The company, which has raised $4 million from Hummer Winblad, perhaps points to ways in which SaaS companies - which often skim the cream from open source without giving commensurate value back - can serve as good open-source citizens.
First, though, I found it interesting to hear how Aria does particularly well serving its own breed of user:?
We specialize in recurring business models. Compared to NetSuite, we don't do inventory management all that well. So, Aria is very strong in gaming (video games, not gambling) and in servicing other SaaS companies (i.e., if you can meter it, we can help to monetize it). We can get customers up and running in a matter of hours, in many cases.
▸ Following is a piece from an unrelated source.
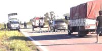 Al no poder evadirlo, el auto colisionó en el lateral, para luego colisionar con el otro camión, que intentaba sobrepasar también.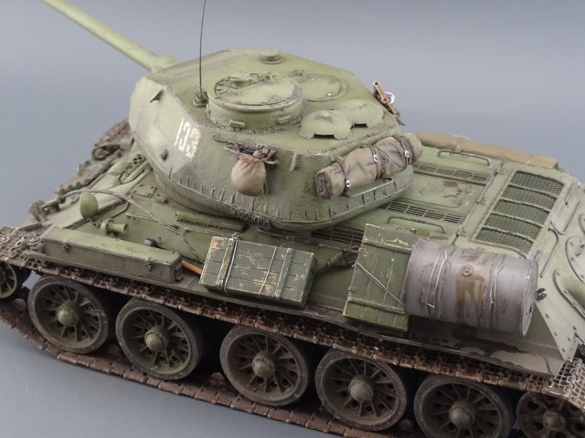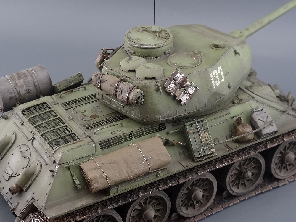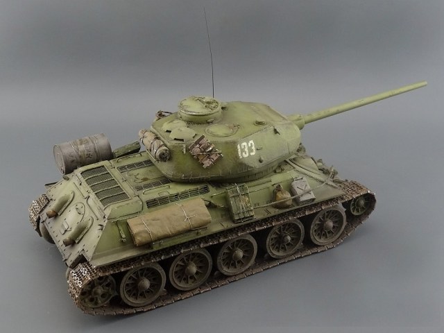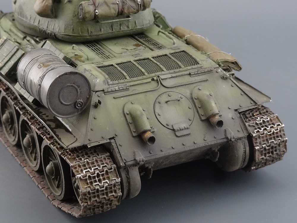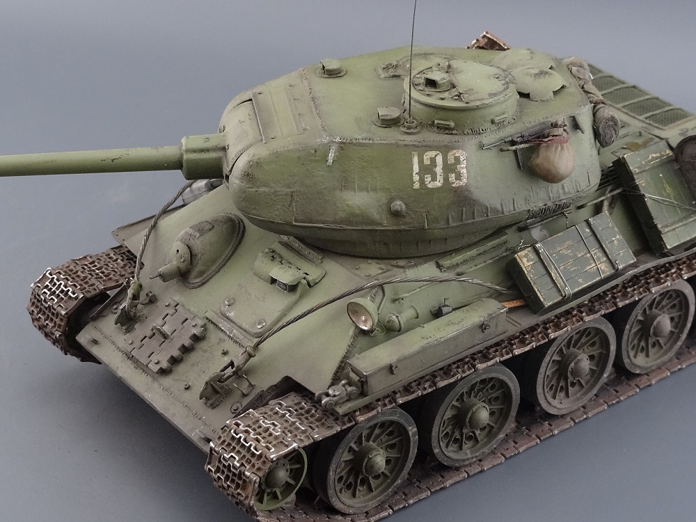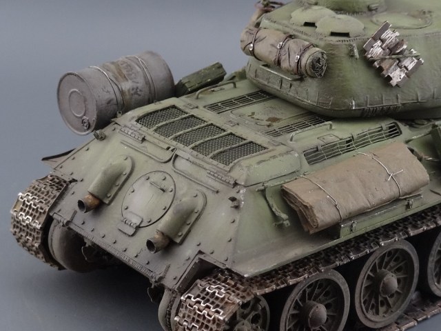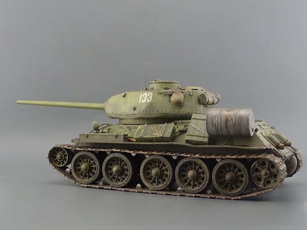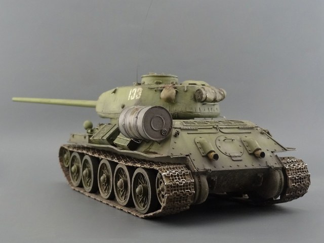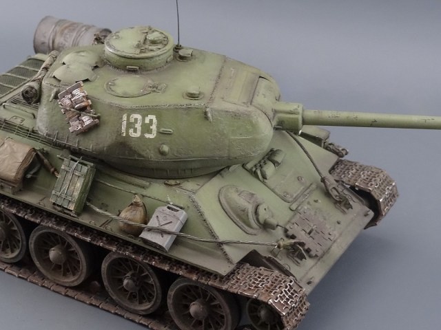 Смотрится "на ура". Понравилась модель. Бросающихся в глаза "косяков" не заметил, да и не хочется придираться к модели, которая весьма достойно смотрится. Покраска и тонировка на уровне. Кстати, тоже использую дешёвые "звездовские" 34-ки как основу, вполне годятся. С уважением.

More complex integrations take more than a couple of hours, obviously.
It immediately struck me that the stars are aligned for a company like Aria, given the shift toward services-based business and accompanying subscription models. Ed concurred:
The industry's trend toward subscription models absolutely works in Aria's favor. This is particularly true because of the executive make-up of Aria. We're operators who happen to know software, as well. We built our software to go horizontal based on our experience running one of the US' largest ISPs. If you're going into a long-term revenue model business, things like expiration dates on credit cards (plus storing the credit card info in the first place), keeping in contact with customers, etc. all become critical to manage. Most don't really think through the good and bad use cases for a recurring business model. We can help because we've been in our customers' shoes. We still are.
All interesting, and all very promising for Aria. But I had heard that the company credited open source with providing the foundation for its success. What of that?
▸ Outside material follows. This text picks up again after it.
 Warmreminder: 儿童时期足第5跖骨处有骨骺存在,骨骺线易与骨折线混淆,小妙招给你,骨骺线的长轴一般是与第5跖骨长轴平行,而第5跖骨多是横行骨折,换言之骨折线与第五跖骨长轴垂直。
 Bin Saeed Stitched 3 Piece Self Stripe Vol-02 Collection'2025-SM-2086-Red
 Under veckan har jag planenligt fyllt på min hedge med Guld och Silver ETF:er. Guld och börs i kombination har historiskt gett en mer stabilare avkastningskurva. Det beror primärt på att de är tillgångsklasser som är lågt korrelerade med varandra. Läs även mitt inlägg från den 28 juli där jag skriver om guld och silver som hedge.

We're completely LAMP based. This allows us to really scale. We just passed our millionth end user and billionth transaction last quarter. LAMP allows us to scale very cost competitively. It also allows us to let our customers scale non-linearly.
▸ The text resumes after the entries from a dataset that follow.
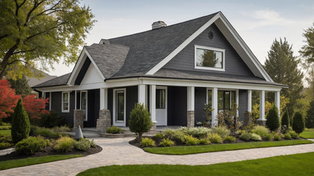 Modern Suburban House with Dark Gray Asphalt Shingles and Stone Facade on a Sunny Day. Concept of Modern Architecture, Stylish Living, Residential Homes, and Suburban Lifestyle.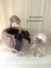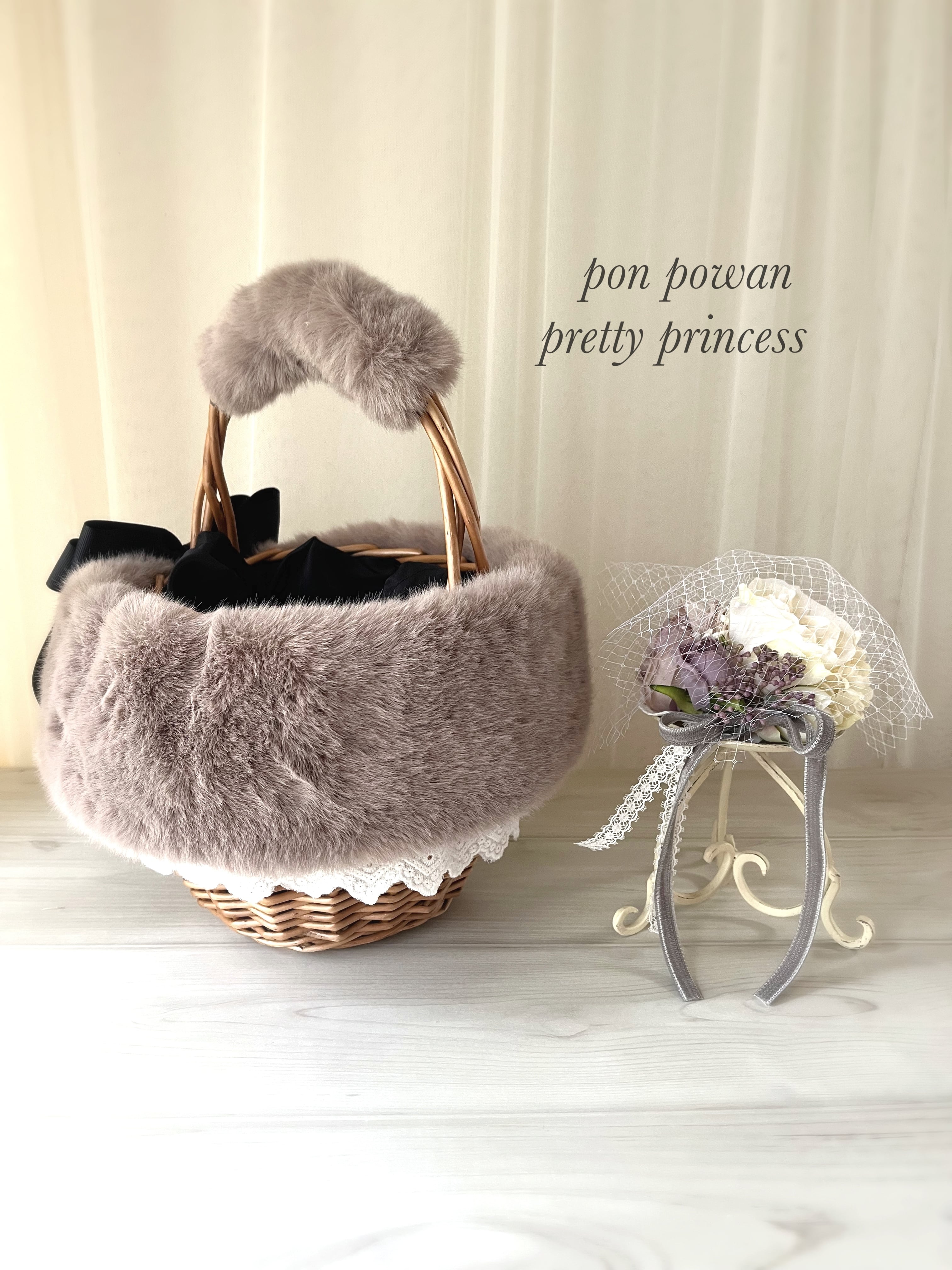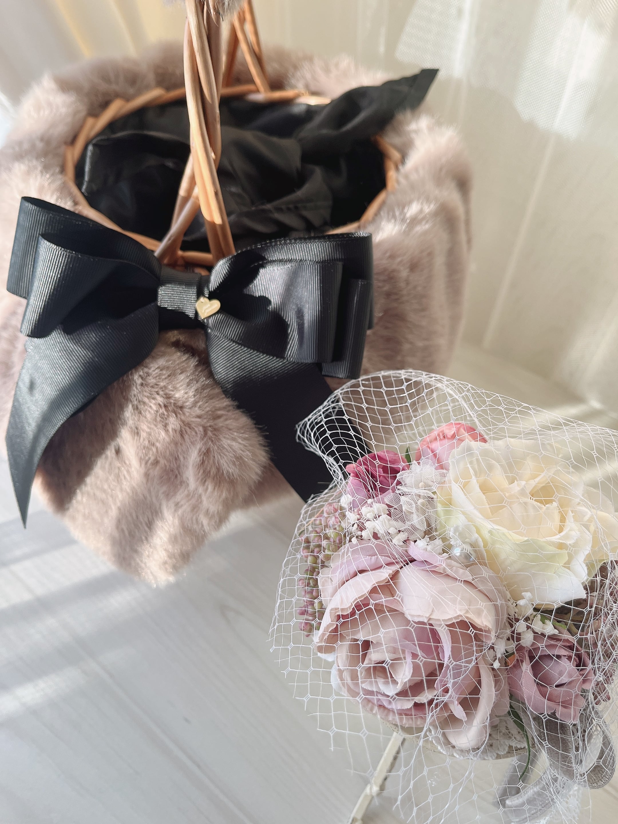 コロンとふわりの冬かごバッグ【ブラック】✳︎大人可愛いバスケット♡エレガントなバスケット♡黒のリボン♡コサージュ付き♡毎日持ちたい♡おしゃれカゴ♡お部屋のインテリア♡私だけの一点物♡ | pon powan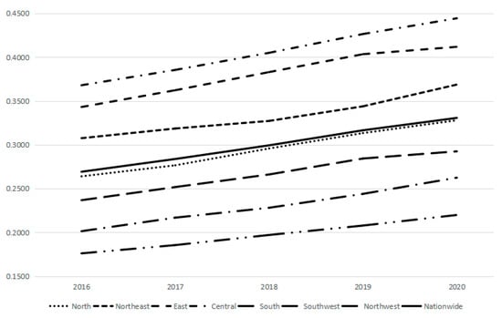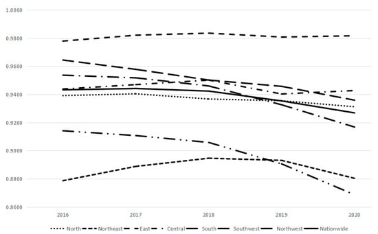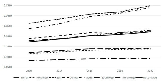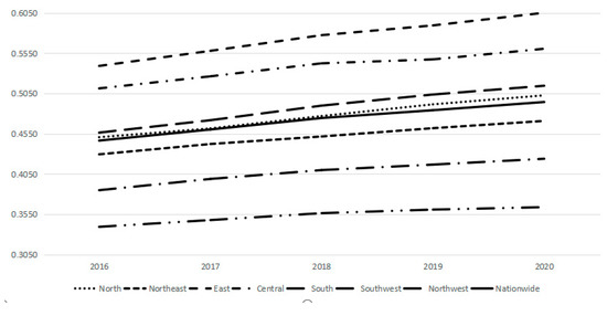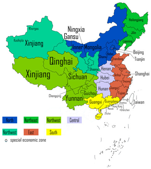 In order to improve the readability of the empirical analysis results, the 31 provinces (municipalities directly under the Central government and autonomous regions) in China (excluding Hong Kong, Macau, and Taiwan) were divided into seven regions: North, Northeast, East, Central, South, Southwest, and Northwest (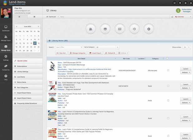 LendItems is designed to help users create an online catalog of all of their belongings and monitor who has lent them. You can use LendItems to track books, CDs, DVDs, video games, laptops, tablets, phones, cameras, bikes, automobiles, tools, firearms, musical instruments, school inventory, laboratory equipment, furnishings, sporting goods, and other office and technological devices.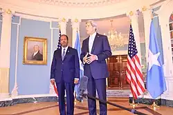 On 17 December 2014, President Mohamud appointed former Premier Omar Abdirashid Ali Shermarke as the new Prime Minister.[20] On 24 December, the national legislature approved the nomination. Of the 224 MPs present at the parliamentary session, 218 voted in favor of the appointment, none rejected it or abstained, and six left the hall.[21] On 12 January 2015, Sharmarke announced his new Cabinet, consisting of 26 ministers, 25 deputy ministers, and 8 state ministers. Many ministers were retained from the previous Ahmed administration.[22] Sharmarke indicated that he selected the new Council of Ministers after intensive consultations with local stakeholders, with the aim of balancing the public interest with governmental continuation and administrative priorities.[23] On 17 January 2015, Prime Minister Sharmarke dissolved his newly nominated cabinet due to vehement opposition by legislators, who rejected the reappointment of certain former ministers.[24] At Sharmarke's behest, the Federal Parliament concurrently granted him a time extension to engage in further consultations before was to select a new Council of Ministers.[25] On 27 January 2015, Sharmarke appointed a new, smaller 20 minister Cabinet.[26] On 6 February, Sharmarke finalized his cabinet, consisting of 26 ministers, 14 state ministers, and 26 deputy ministers.[27] Federal legislators later approved the new Council of Ministers on 9 February, with 191 voting in favor it, 22 against it, and none abstaining.[28]

We don't officially contribute code back to open-source projects as a company, but our developers do contribute to open-source projects on their own. We don't have an official policy that gives developers work time to write open-source code, but they do it as part of their work.
I suspect that a lot of this happens in the SaaS world. It would be better, in my opinion, to have an official company policy encouraging open-source development. Where much is given, much is expected. SaaS companies are basically open-source companies with a veneer of IP to provide added value. Given the importance of the foundation, it would be wise for SaaS companies to proactively contribute to the open-source projects that give them the scale and robustness that Ed described to me.
Still, I imagine that many a SaaS paycheck goes toward writing great open-source code, even if it's not officially allocated for this purpose. The developers seem to know on which side their bread is buttered.